En verdad, tal era la posición de Asiria que se vio obligada a formar una alianza con Egipto. ¿Qué otra cosa puede indicar de manera más cabal la desesperación asiria? Sólo cuarenta años antes, Asiria había marchado a lo largo del Nilo con el orgullo que da el poder, y ahora debía pedir humildemente ayuda a un faraón que había sido antaño un títere asirio.
Egipto aceptó, no por espíritu de bondad, sino por un cuidadoso cálculo: no quería una victoria decisiva de ninguno de los contendientes. Una Asiria débil le convenía, pero una Asiria destruida, no. Si Nabopolasar triunfaba totalmente, representaría un nuevo peligro.
Pero la ayuda egipcia fue demasiado escasa y demasiado tardía. En el 612 a. C., Nabopolasar y Ciaxares sitiaron conjuntamente a Nínive y la tomaron, mientras un grito de alegría brotaba de los pueblos sometidos que durante tanto tiempo habían estado bajo la pesada mano armada de Asiria.
El profeta de Judá, Nahúm, exclama: «¡Ay de la ciudad sanguinaria!» (Nahúm, 3,1), y termina, sin remordimientos: «Cuantos oigan hablar de ti [las noticias de la destrucción de Nínive], batirán palmas por tu causa, porque ¿sobre quién no descargó sin tregua tu maldad?» (Nahúm, 3,19).
Nínive fue destruida de un modo tan completo que da testimonio del odio que se le tenía.
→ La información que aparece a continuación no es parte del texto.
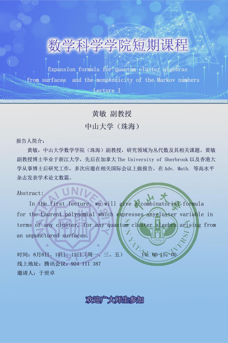 Expansion formula for quantum cluster algebras from surfaces and momnotonicity of the Markov numbers (Lecture I)

Y sus conquistadores nunca permitieron que fuera reconstruida. Desapareció de la historia y de la conciencia misma del hombre. Dos siglos más tarde, un ejército griego pasó por allí y tuvo que preguntar qué era ese gran montículo de tierra. Era todo lo que quedaba de la gran capital, y fue todo lo que quedó hasta el siglo XIX.
Sólo el hecho accidental de que los judíos incorporasen el odiado nombre a sus escritos bíblicos la mantuvo viva en la memoria de la humanidad occidental.